** Opening Supplied material block **
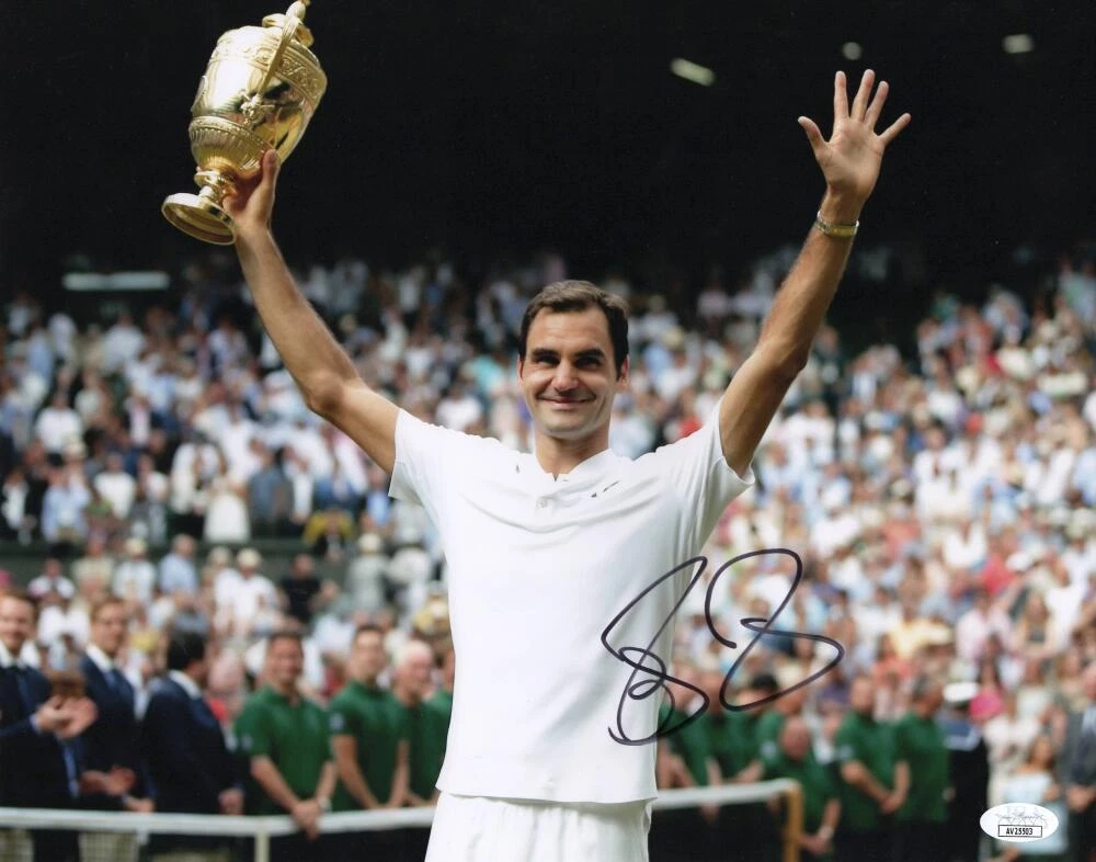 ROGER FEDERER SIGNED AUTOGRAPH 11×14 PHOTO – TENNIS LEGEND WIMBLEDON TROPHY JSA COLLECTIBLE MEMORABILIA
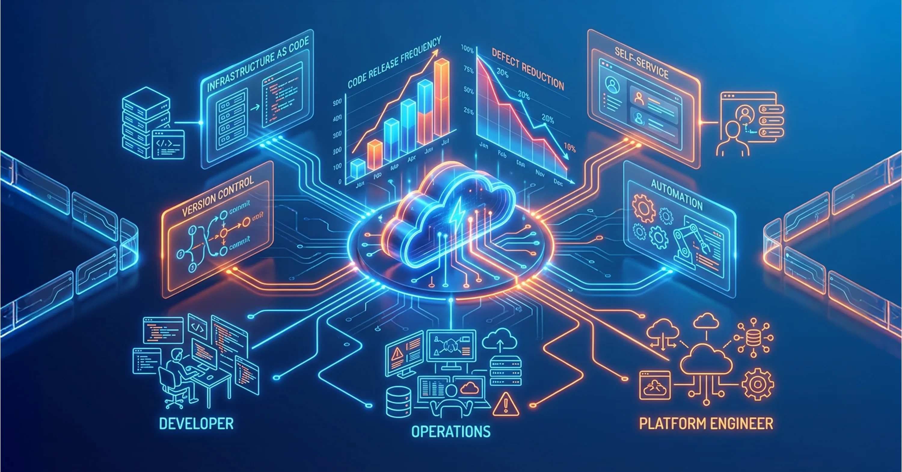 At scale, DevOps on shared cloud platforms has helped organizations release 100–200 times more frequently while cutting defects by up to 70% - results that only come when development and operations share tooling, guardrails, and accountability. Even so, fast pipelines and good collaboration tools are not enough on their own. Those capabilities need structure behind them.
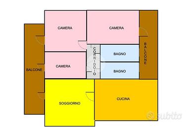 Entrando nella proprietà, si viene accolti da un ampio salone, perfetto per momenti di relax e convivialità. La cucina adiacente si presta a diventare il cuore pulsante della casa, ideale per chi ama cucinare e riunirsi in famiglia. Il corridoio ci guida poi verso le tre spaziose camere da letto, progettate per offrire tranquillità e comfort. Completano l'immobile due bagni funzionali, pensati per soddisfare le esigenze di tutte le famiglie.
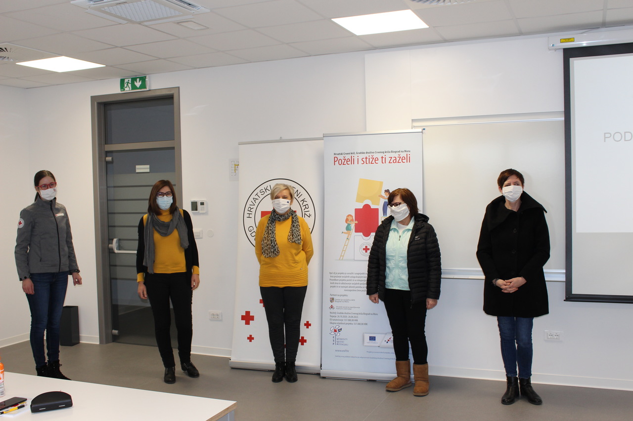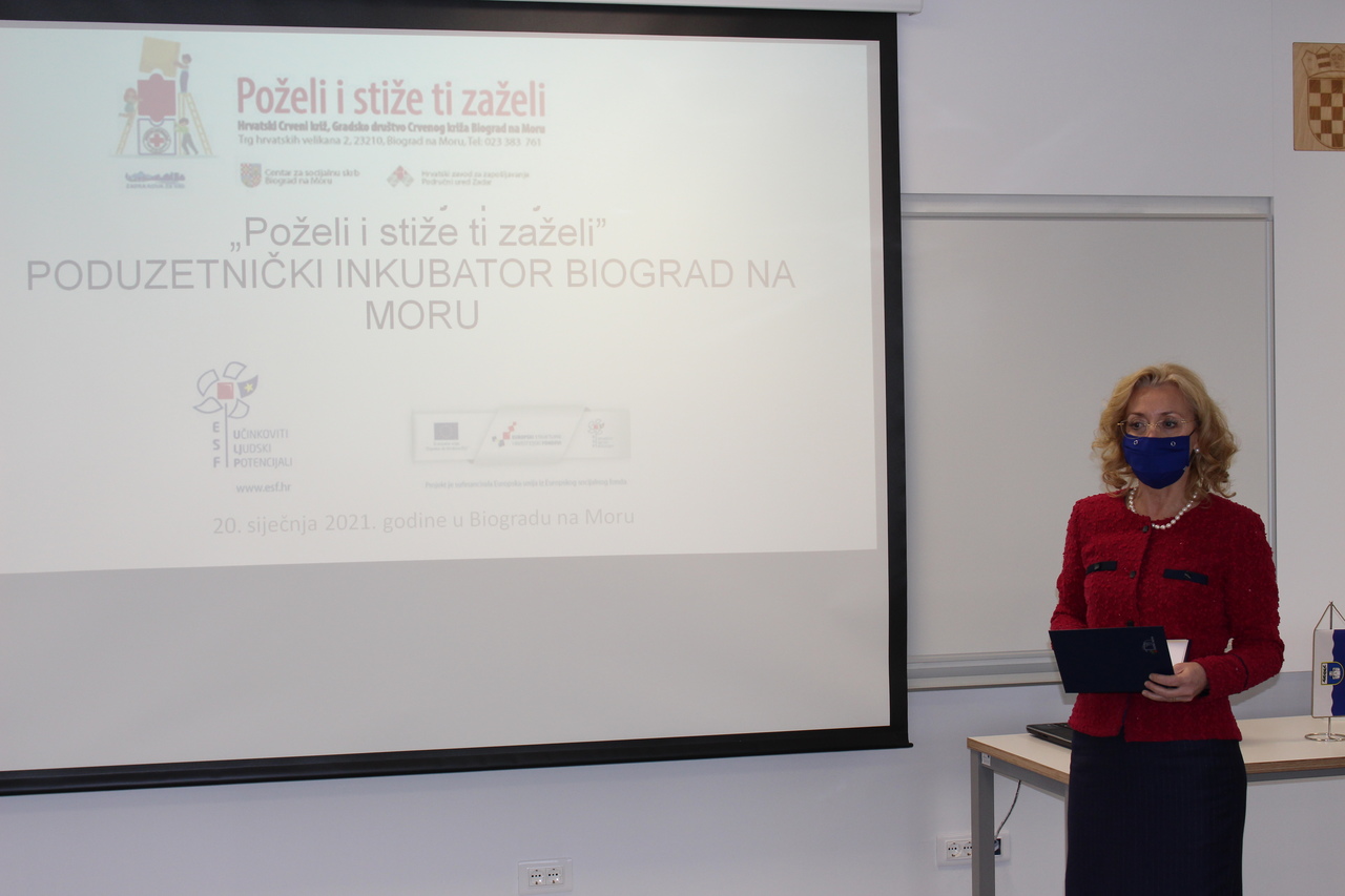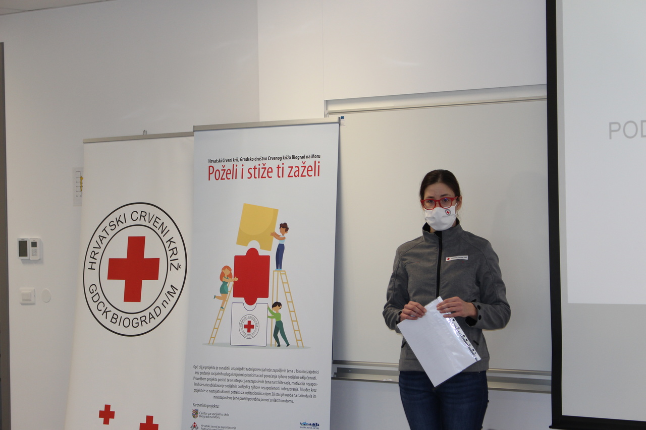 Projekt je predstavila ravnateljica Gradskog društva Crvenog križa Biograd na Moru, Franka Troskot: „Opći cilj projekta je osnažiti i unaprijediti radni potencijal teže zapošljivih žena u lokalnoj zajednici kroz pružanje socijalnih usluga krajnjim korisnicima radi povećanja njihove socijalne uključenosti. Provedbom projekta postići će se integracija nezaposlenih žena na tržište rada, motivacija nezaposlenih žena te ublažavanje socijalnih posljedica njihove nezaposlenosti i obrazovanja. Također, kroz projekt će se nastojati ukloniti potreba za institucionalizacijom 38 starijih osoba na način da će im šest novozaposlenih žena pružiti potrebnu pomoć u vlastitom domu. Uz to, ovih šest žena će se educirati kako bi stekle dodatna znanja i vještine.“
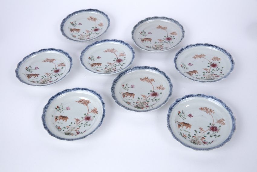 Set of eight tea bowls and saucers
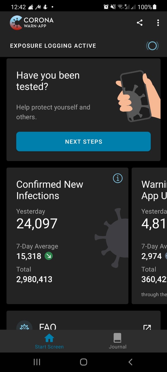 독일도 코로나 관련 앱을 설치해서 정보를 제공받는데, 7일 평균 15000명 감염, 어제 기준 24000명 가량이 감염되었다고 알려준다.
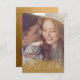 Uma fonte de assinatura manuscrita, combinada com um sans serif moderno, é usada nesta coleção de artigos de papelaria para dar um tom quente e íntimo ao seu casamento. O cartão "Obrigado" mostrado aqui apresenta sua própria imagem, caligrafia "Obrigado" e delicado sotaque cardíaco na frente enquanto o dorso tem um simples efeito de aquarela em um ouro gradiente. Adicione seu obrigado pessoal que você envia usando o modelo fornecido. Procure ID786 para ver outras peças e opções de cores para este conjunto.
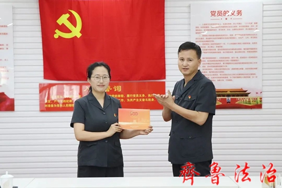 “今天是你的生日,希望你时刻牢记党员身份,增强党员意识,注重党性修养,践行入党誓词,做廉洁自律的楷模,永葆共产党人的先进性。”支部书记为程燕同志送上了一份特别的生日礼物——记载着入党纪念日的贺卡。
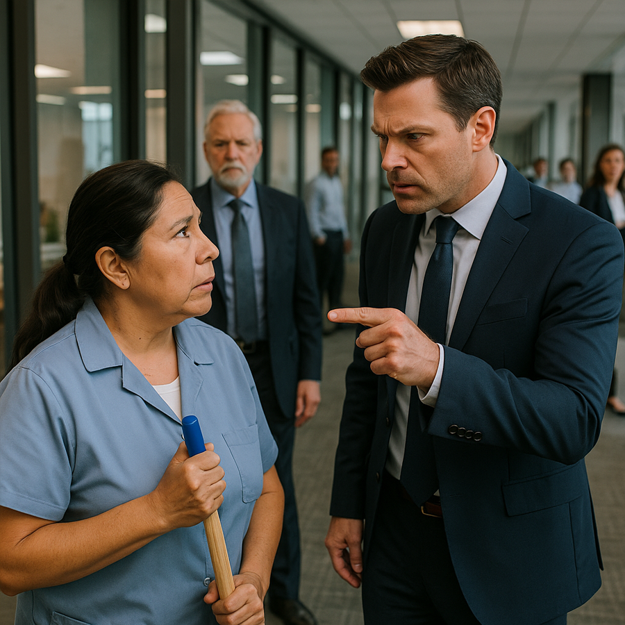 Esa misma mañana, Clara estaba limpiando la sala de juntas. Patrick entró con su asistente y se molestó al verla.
** Closing Supplied material block **
** Opening Supplied material block **
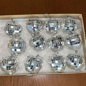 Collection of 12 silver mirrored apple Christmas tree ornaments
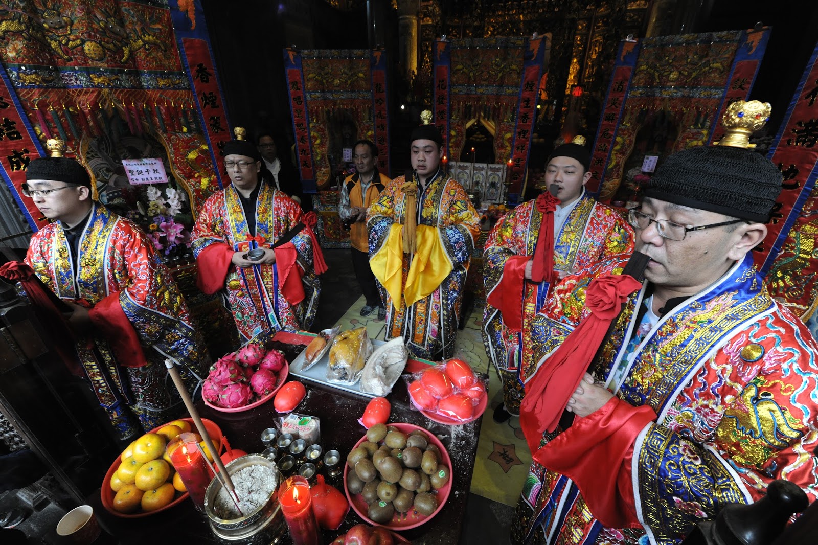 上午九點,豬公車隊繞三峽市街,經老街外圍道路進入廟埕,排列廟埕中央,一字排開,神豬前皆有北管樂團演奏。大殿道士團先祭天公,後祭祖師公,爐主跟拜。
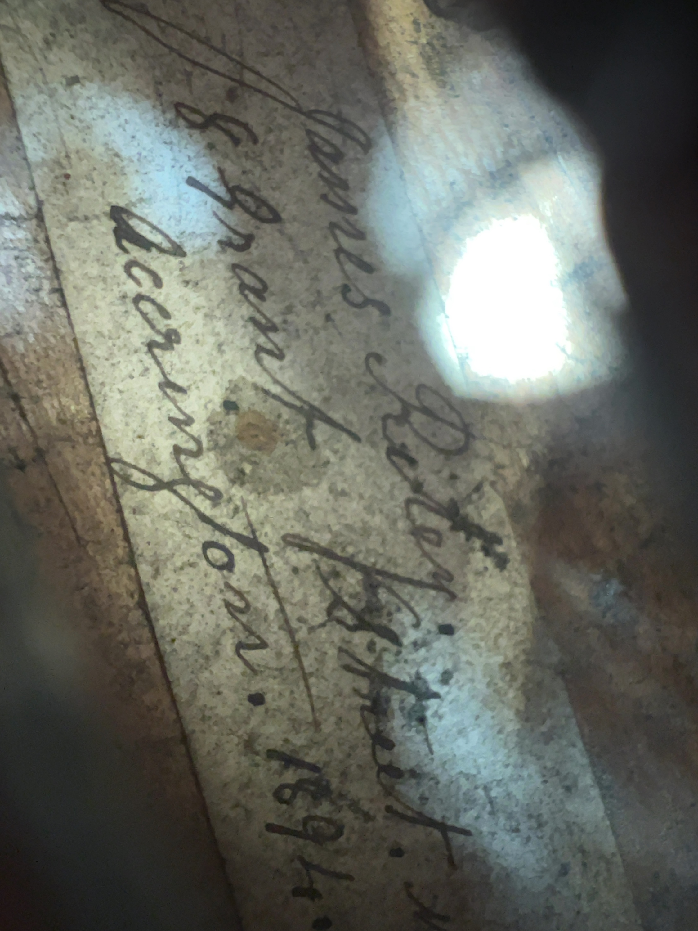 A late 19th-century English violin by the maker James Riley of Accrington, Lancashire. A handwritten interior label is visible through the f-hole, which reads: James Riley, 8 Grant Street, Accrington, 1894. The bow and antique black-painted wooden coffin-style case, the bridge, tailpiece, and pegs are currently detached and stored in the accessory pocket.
** Closing Supplied material block **
◆ Directions
Look back over the records above. Reproduce exactly everything from the line with "ROGER FEDERER SIGNED" down to the line with "At scale, DevOps", inclusive, and leave the pictures out.

◆ Task solution
 ROGER FEDERER SIGNED AUTOGRAPH 11×14 PHOTO – TENNIS LEGEND WIMBLEDON TROPHY JSA COLLECTIBLE MEMORABILIA
 At scale, DevOps on shared cloud platforms has helped organizations release 100–200 times more frequently while cutting defects by up to 70% - results that only come when development and operations share tooling, guardrails, and accountability. Even so, fast pipelines and good collaboration tools are not enough on their own. Those capabilities need structure behind them.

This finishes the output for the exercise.